Fig. 1. STAT3 contributes to enhanced H3S10 phosphorylation in gastric carcinogenesis.

a Representative image of NOC (N-methyl-N-nitroso-urea, MNU) and H. pylori plus NOC -induced mouse model of gastric cancer. b HE staining of stomach tissues from the carcinogen-treated mice. c Histone H3 phosphorylation was analyzed by WB of stomach tissues from the carcinogen-treated mice at different times. d WB analysis of signaling pathways related to cell proliferation in GES-1 and NOC-treated cells with the indicated antibodies. e Cell colony-forming ability in soft agar of p-H3S10 increased or unchanged subcloned NOC-treated cells. f, g AG490 50 μM, SB203580 10 μM, AZD1480 2 μM, Tocilizumab 10 μM, scramble siRNA (siCtr) or STAT3 siRNA were used to treat the MNU-transformed cells, respectively.
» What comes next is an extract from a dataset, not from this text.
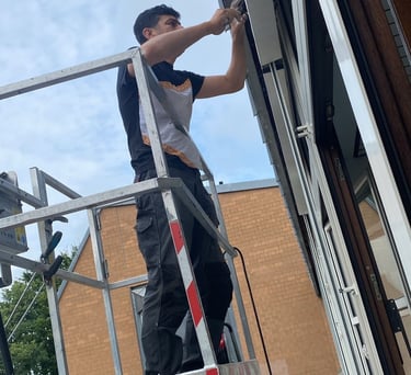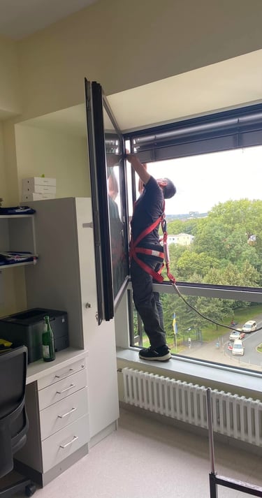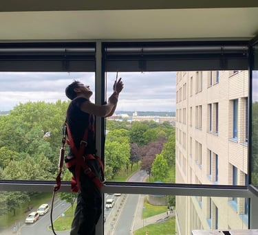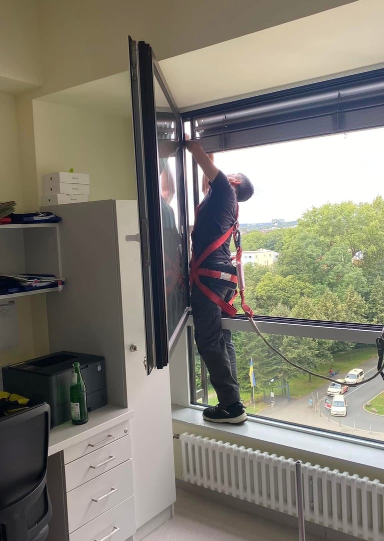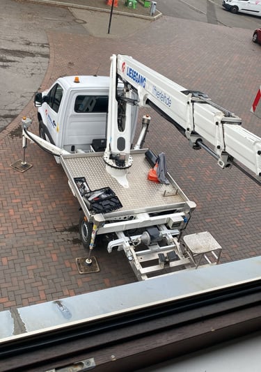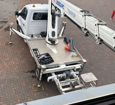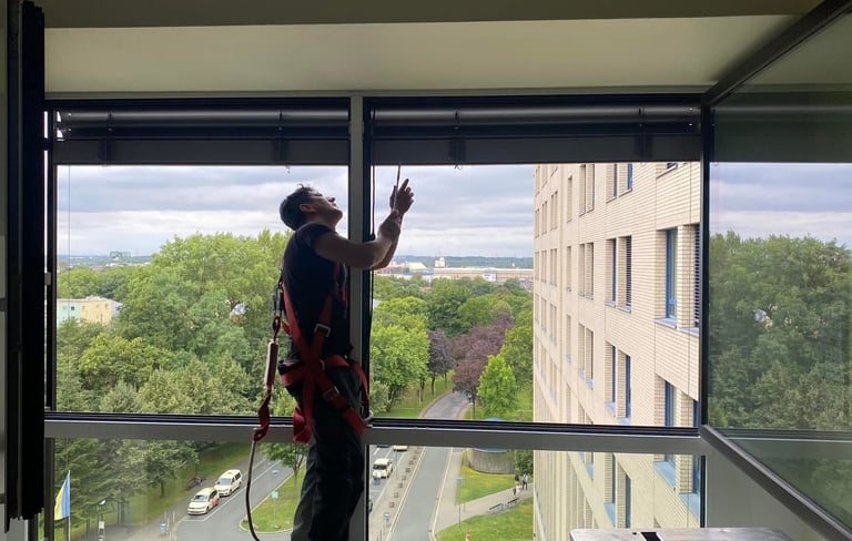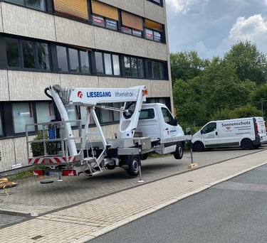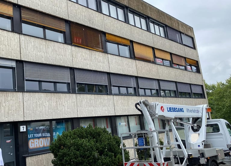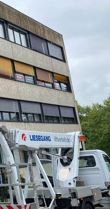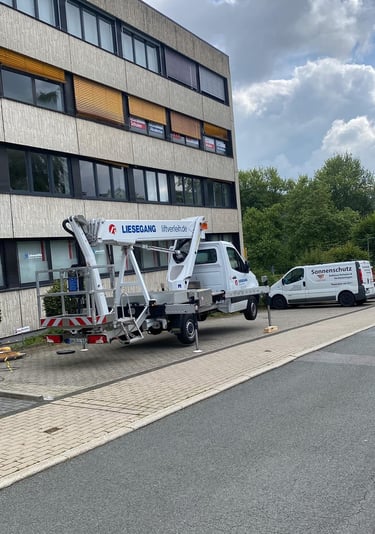 Demontage und Montage von Außenjalousien mit Hilfe eines Hubsteigers
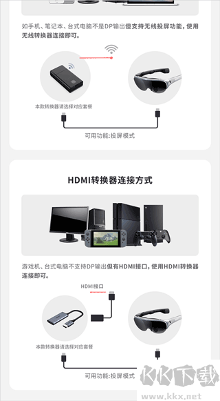 像蘋果手機(jī)這類不支持 DP 輸出的設(shè)備,可借助無線投屏手段,或是利用轉(zhuǎn)接器來與 AR 眼鏡建立連接。

The level of p-H3S10 was determined by WB. h STAT3 expression score by IHC in 52 paired gastric cancer tissues. i The representative images of STAT3 and p-H3S10 levels in human gastric cancer tissues by IHC. Scale bar: 200μm. The analyses were repeated three times, and the results were expressed as mean ± SD. *^/#p < 0.05, **p < 0.01, ***p < 0.001. GES-1-MNNG or GES-1-MNU: MNNG- or MNU-induced malignantly transformed GES-1 cell; GES-1-MNNG-C or GES-1-MNU-C: subcloned cells derived from GES-1-MNNG or GES-1-MNU.